What about Clustering by Inverted Index ?
Term Tweets Inverted Index:
term tweets inverted index is constructed and stored to map between tokens and its occurrences in every tweet. the inverted index of Finite set K x Q for sake of memory optimization. so every time we get new tweet from stream API the oldest one is replaced with the latest.
Previously, for each input tweet d the top k Tf-Idf weighted terms are selected to search for tweets that have those terms. Then, each tweets is compared with the input tweet d using cosine similarity to determine the tweet novelty based on threshold we determine if this tweet unique or not.
If the tweets is determined not unique then it should be sent to the cluster Module in which term events inverted index should be constructed accordingly !
let's elaborate this idea with an example, let us consider the input tweet
“Mo Yan wins Nobel in Literature”, where the top three tf − idf weighted terms are [mo yan, nobel , literature].
Each of the terms is searched in the term-tweets inverted index and the
tweets with IDs = [3, 5, 7, 15, 18, 21, 25] are retrieved (Check the term tweets Figure).
Event Tweets Inverted Index:
Now since we have table that map between tweets most trending tokens and its tweets ids we have another relation between token and its events ids. The term tweets inverted index table represent the tokens and its corresponding clusters.

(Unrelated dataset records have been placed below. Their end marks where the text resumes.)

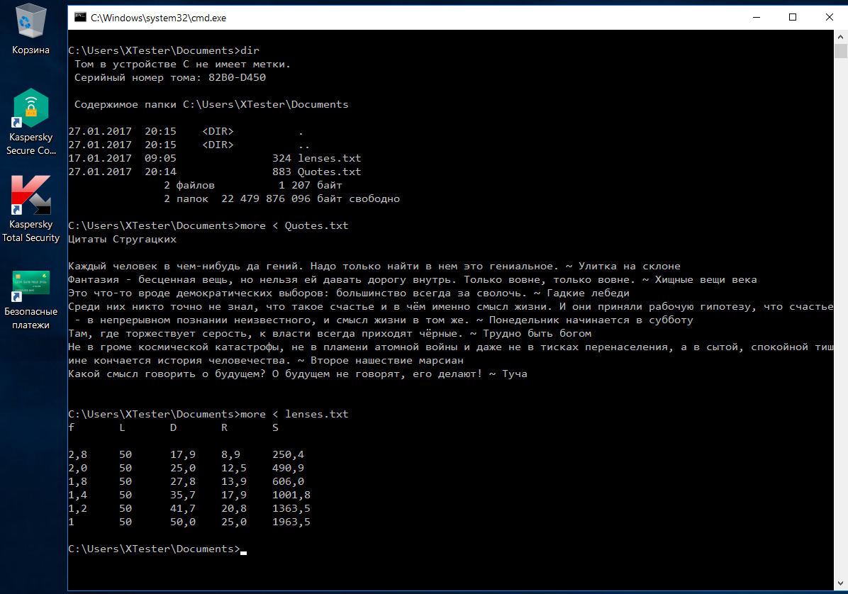 В начале следующего этапа тестирования мы проверили исходное состояние каталога «Мои документы» и вывели содержимое пары текстовых файлов из него в консоль.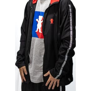 Jaqueta Corta Vento Grizzly Griptape Ribbon Com Capuz Preto/Vermelho - P - Jaqueta Corta Vento Grizzly Griptape Ribbon Com Capuz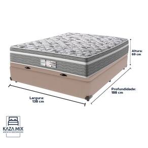 O conforto que sua casa precisa e a qualidade que você merece está na Kazamix!O Colchão Evolution é a escolha ideal para quem busca conforto, suporte e qualidade em cada noite de sono. Com Molas Ensacadas que oferecem um suporte individualizado, e um Pillow Euro que proporciona uma camada extra de suavidade, esse colchão transforma seu descanso em uma experiência de luxo.Com espuma D28 de alta densidade, o Evolution garante firmeza e conforto duradouros. Seu acabamento em poliéster diamante e bordado em matelassê trazem um toque de elegância e sofisticação ao seu ambiente.Além disso, o colchão é tratado com propriedades antiácaro e antialérgico, garantindo um sono mais saudável e seguro.Invista no seu bem-estar com o colchão Evolution, e experimente a combinação perfeita de conforto e durabilidade!Modelo: EvolutionMarca: ProbelTamanho: CasalDimensões: 138x188X32 (Largura x Comprimento x Altura)Conforto: IntermediárioSistema: Molas EnsacadasPillow: Euro PillowPeso Máximo recomendado: 110 kg (Por pessoa)Proteções: Antiácaro, antialérgico, antifungo, antimofoGarantia: 1 ano pelo FabricanteO conforto que sua casa precisa e a qualidade que você merece está na KazamixAproveite cada metro quadrado do seu dormitório com a Cama Box Baú!Projetada com madeira de reflorestamento reforçada, a Cama Box Baú é a escolha ideal para quem busca otimização de espaço e praticidade na organização do dia a dia.Com um baú generoso, ela oferece a solução perfeita para armazenar travesseiros extras, cobertores, malas e muito mais. Além disso, sua estrutura robusta suporta até 150 kg por pessoa, garantindo a sustentação ideal para o seu colchão e prolongando sua vida útil.O pistão a gás robusto proporciona uma abertura suave e segura do baú, oferecendo praticidade e resistência no uso diário. Para completar, o acabamento de alta qualidade combina perfeitamente com qualquer estilo de decoração, agregando elegância e versatilidade ao seu ambiente.Não perca tempo! Adquira agora mesmo sua Cama Box Baú e diga adeus à falta de espaço e desorganização.Marca: KazaMixModelo: BaúCor do Box: BegeTamanho: CasalDimensões: 138X188X37 (Largura x Comprimento x Altura) Estrutura: MadeiraPeso máximo recomendado: 150 kg (Por Pessoa)Altura do Box: 32 cm Altura dos Pés: 5 cm Altura total: 37 cm Garantia: 03 mesesSelo Ecologicamente CorretoAtenção: Antes de finalizar sua compra, certifique-se de que as dimensões do produto sejam adequadas para serem transportadas pelos elevadores, portas, escadas e corredores de sua residência. Ressaltamos que não nos responsabilizamos pelo transporte do produto por meios específicos, como escadas, guinchos ou içamentos.

To elaborate this idea with the same example used in the Search Module, let
us consider that, the input tweet “Mo Yan wins Nobel in Literature” is decided as “not unique” and sent to the EventCluster Module.
The top three tf − idf weighted terms of the tweet are “mo yan”, “nobel ”, and “literature”. Each of the terms is searched in the term-eventIDs inverted index and the event clusters with IDs = [1, 2, 4, 7, 8, 15] are retrieved.
the input tweet vector is compared with the centroid of each of the retrieved event clusters and assigned to the cluster with the highest cosine similarity If the cosine similarity is below a certain threshold a new cluster is created and the tweet is added to the newly created cluster.
Note that the total number of event clusters with which the input tweet is compared will always be within K × E. sub clusters events may be created over time in which certainly took place due to Topic Drift. According to the author this problem can be fixed later using Defragmentation techniques by merging the similar clusters together based on some heuristic.
- McMinn, A.J., Moshfeghi, Y., Jose, J.M.: Building a large-scale corpus for evaluating event detection on Twitter.
- TwitterNews+: A Framework for Real Time Event Detection from the Twitter Data Stream
- Real-Time Novel Event Detection from Social Media.
- Ruder Blog Posts | Comprehensive summary on word embeddings.